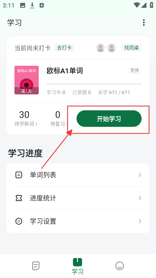 3、选好课本后,回到学习页面,点击【开始学习】按钮,即可进入单词学习界面开始学习。
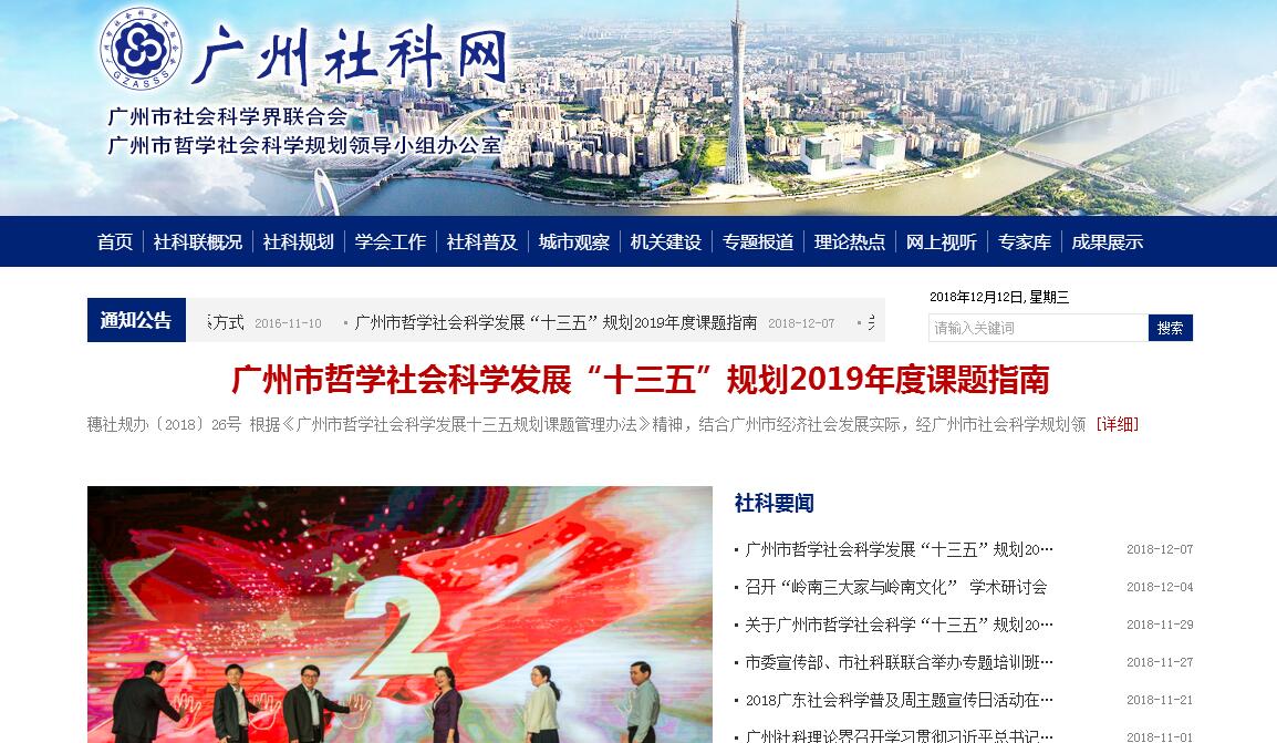 廣州市社會科學界聯(lián)合會(簡稱廣州市社科聯(lián))是在廣州市委領導下的以廣州地區(qū)社會科學工作者為主體的學術性人民團體,是黨委、政府聯(lián)系社會科學界人士的橋梁和紐帶,是政府管理社會科學學術團體的參謀和助手。廣州市社聯(lián)成立于1983年12月21日,現(xiàn)有團體會員84個,其中由廣州市社科聯(lián)作為業(yè)務主管的團體會員67個,會員人數(shù)達8萬余人。廣州市社科聯(lián)的主要職能包括:對業(yè)務主管的市一級社會科學學術團體進行資格審查、指導、監(jiān)督和管理;指導和協(xié)調(diào)團體會員開展學術研究與交流、人才培訓、社會科學知識普及和各種智力開發(fā)工作;做好社會科學規(guī)劃工作,開展課題招標、課題資助,組織社會科學研究優(yōu)秀成果評獎;推動社會科學成果的轉化和應用;組織協(xié)調(diào)開展有關學術研究活動,積極開展國內(nèi)外學術交流活動;反映社會科學界的愿望與要求,維護社會科學工作者的正當權益。廣州市社科聯(lián)機關內(nèi)設辦公室、學會工作部、科研規(guī)劃部、社會科學普及與拓展部;下轄城市觀察雜志社。廣州市社科聯(lián)多次被評為全國優(yōu)秀社科聯(lián)。廣州市社科聯(lián)主辦的《城市觀察》雜志創(chuàng)辦于2009年7月。該刊是以城市研究為主的高端學術期刊,立足國家中心城市、依托大城市群,力求“聚集全球城市研究智慧資源,構建城市科學發(fā)展公共智庫”,積極探索城市科學發(fā)展的規(guī)律和經(jīng)驗,展現(xiàn)當今世界城市的最新理論和趨勢,為各級城市決策者、管理者提供具有前瞻性和實用性的學術參考資料。
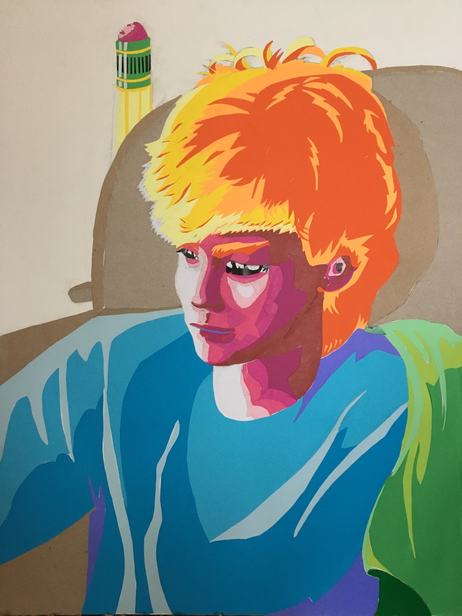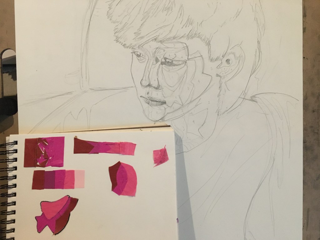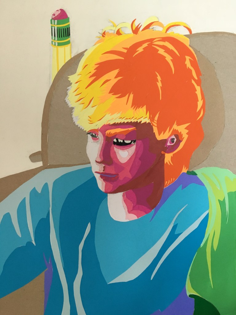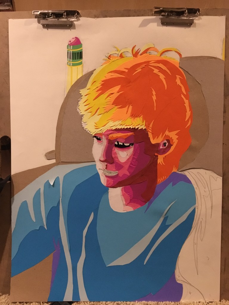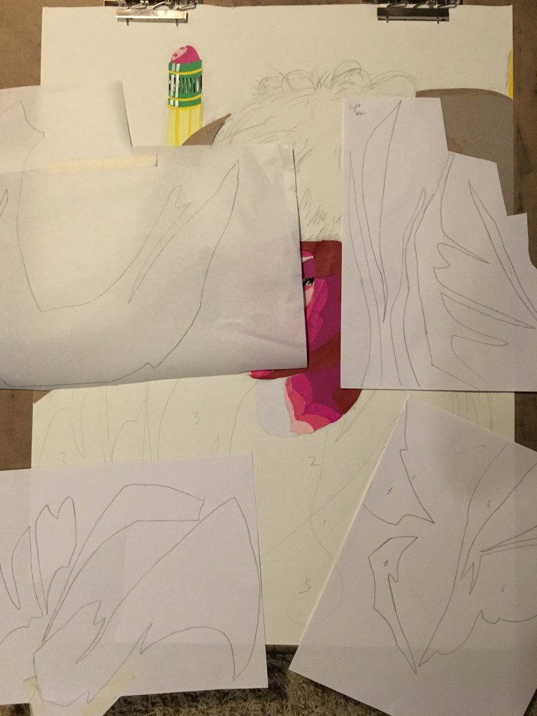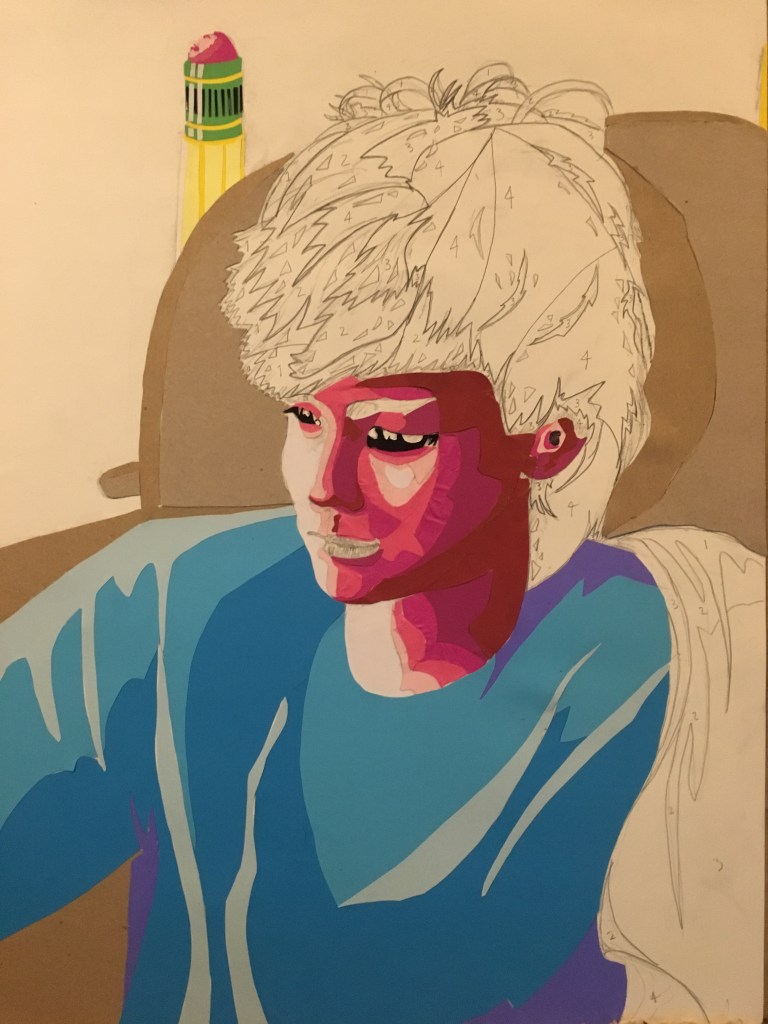 I’m really happy with the way it turned out. The key to achieving success with this style was definitely focusing early on breaking down shapes into core values. I limited myself to no more than five values on any given object (you can see some of my number notes on the sketch and stencils in previous pictures). This was partly because of limited materials to make the collage with, but also because it forced this “toony” style, which fits Lance very well. I also kept almost all the warm colors in the image focused on the head (which is also where the most detailed areas are) to ensure that the face itself remains the focal point of the artwork.
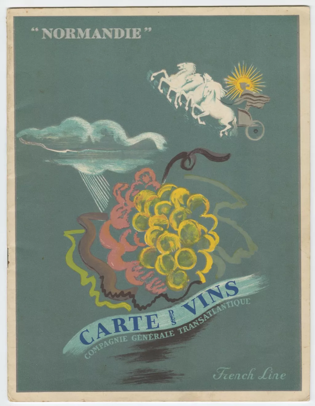 Riche de plus de 210 vins avec, notamment, une sélection de 59 champagnes différents, la carte des vins de première classe du paquebot Normandie (1935) est à la hauteur du prestige du navire.
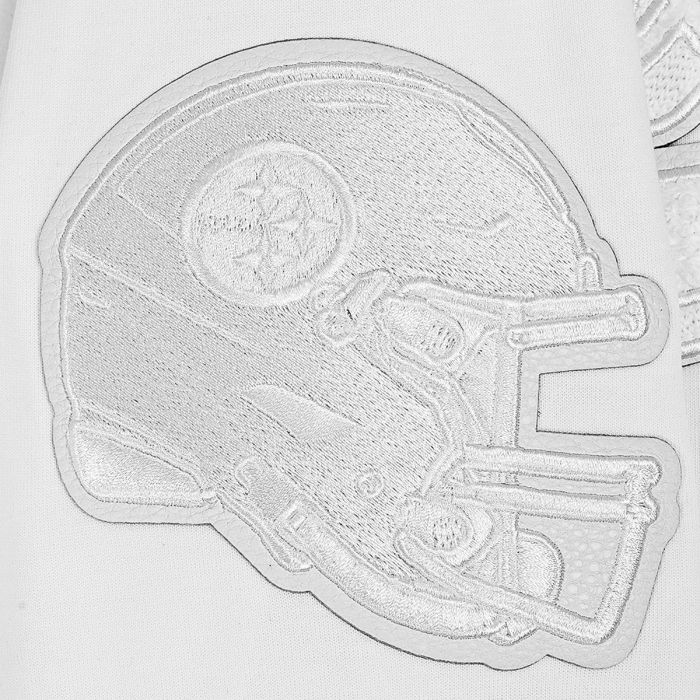 Show your Steelers style with the Pittsburgh Steelers Men’s Pro Standard White Out Pullover Hoodie. This white hoodie features a white 3D chenille city name paired with an embroidered white Pittsburgh Steelers logo on the front for a clean look. A matching chenille city abbreviation on the hood and Steelers helmet patch on the right sleeve complete the look. The front pouch pocket offers convenient storage for your everyday essentials. Get a subtle yet trendy look with the Pittsburgh Steelers Men’s Pro Standard White Out Pullover Hoodie.
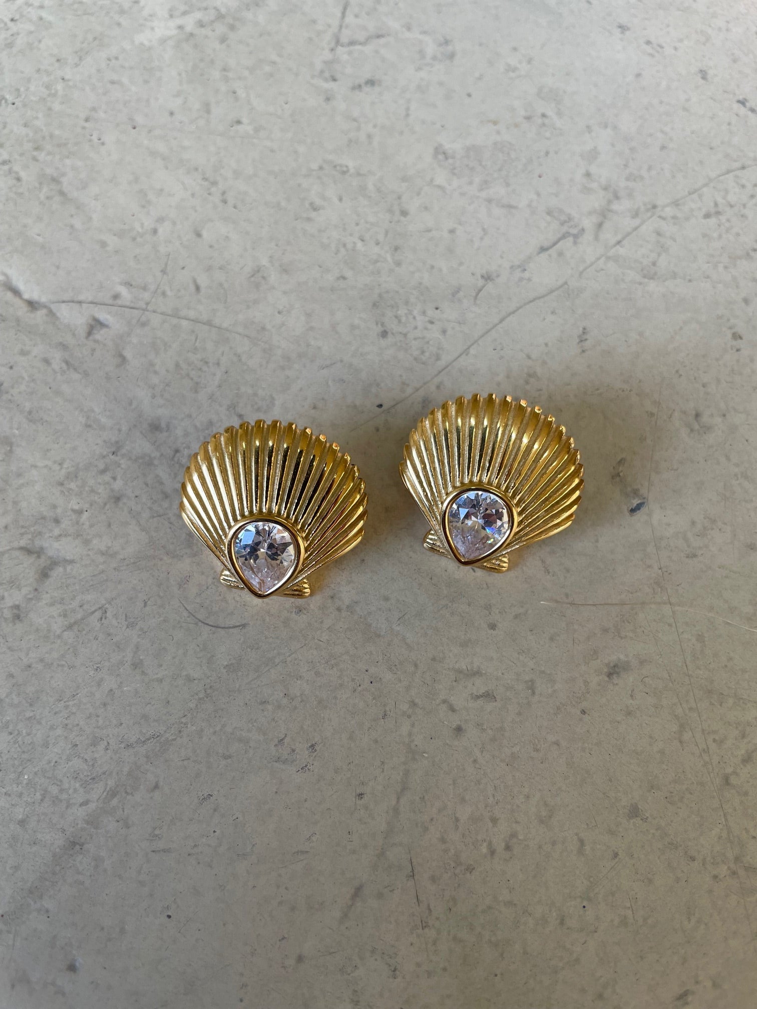 Featuring intricately designed seashells, the Golden Seashell Earrings are embellished with a luminous teardrop-shaped zircon crystal at the center. Perfectly versatile, whether you’re strolling on the beach or attending an elegant soirée. Lightweight yet impactful, they are the ultimate statement earrings with timeless nautical charm.
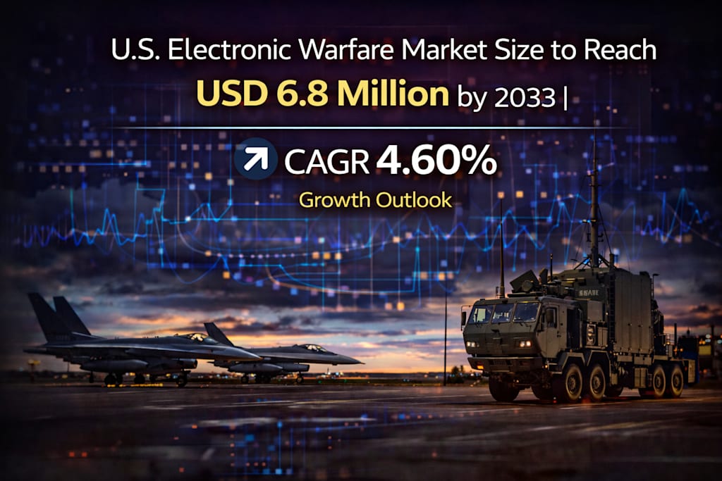 The U.S. electronic warfare market continues to evolve as modern defense strategies increasingly focus on controlling and securing the electromagnetic spectrum. As of recent estimates, the market is valued at USD 4.8 Million in 2025 and is expected to reach USD 6.8 Million by 2033, growing at a compound annual growth rate (CAGR) of 4.60% from 2025 to 2033.
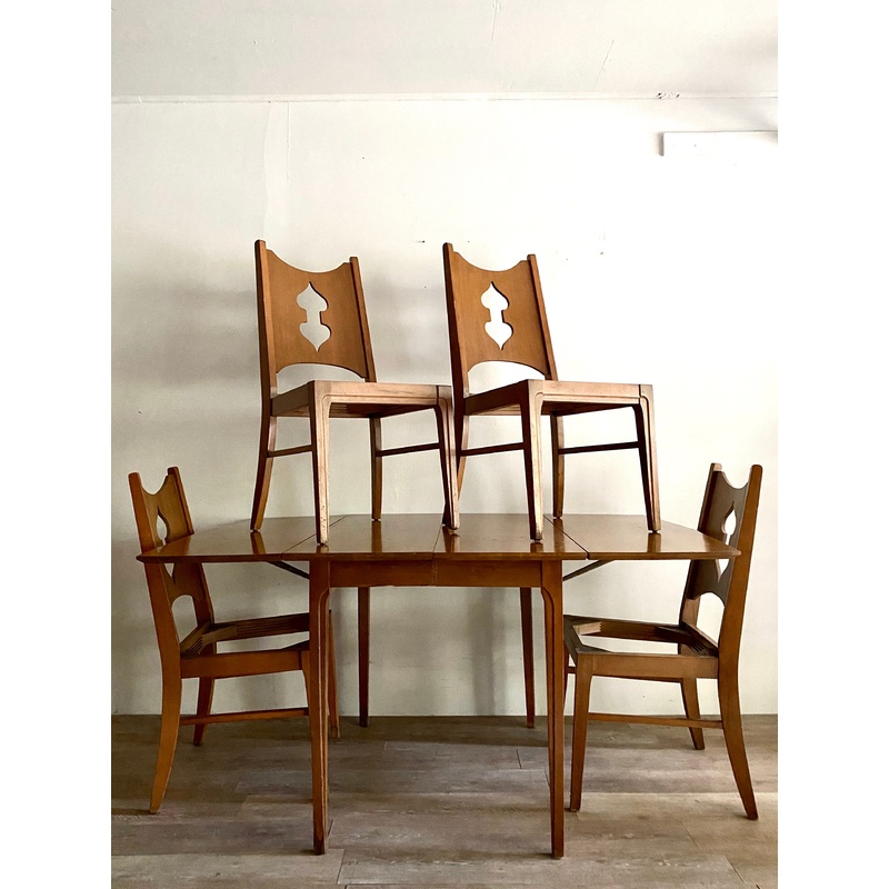 Condition: This dining set is an 8.5 and in good condition with very minimal wear use and age. There are a couple small scuffs and small chips but overall it is in very good condition! Please see the photos!

======

Requirement -> Lines from the one holding "Show your Steelers" down to the last line of the entries above must be retyped exactly, inclusive of both, with no pictures and nothing else.

Task answer ->
 Show your Steelers style with the Pittsburgh Steelers Men’s Pro Standard White Out Pullover Hoodie. This white hoodie features a white 3D chenille city name paired with an embroidered white Pittsburgh Steelers logo on the front for a clean look. A matching chenille city abbreviation on the hood and Steelers helmet patch on the right sleeve complete the look. The front pouch pocket offers convenient storage for your everyday essentials. Get a subtle yet trendy look with the Pittsburgh Steelers Men’s Pro Standard White Out Pullover Hoodie.
 Featuring intricately designed seashells, the Golden Seashell Earrings are embellished with a luminous teardrop-shaped zircon crystal at the center. Perfectly versatile, whether you’re strolling on the beach or attending an elegant soirée. Lightweight yet impactful, they are the ultimate statement earrings with timeless nautical charm.
 The U.S. electronic warfare market continues to evolve as modern defense strategies increasingly focus on controlling and securing the electromagnetic spectrum. As of recent estimates, the market is valued at USD 4.8 Million in 2025 and is expected to reach USD 6.8 Million by 2033, growing at a compound annual growth rate (CAGR) of 4.60% from 2025 to 2033.
 Condition: This dining set is an 8.5 and in good condition with very minimal wear use and age. There are a couple small scuffs and small chips but overall it is in very good condition! Please see the photos!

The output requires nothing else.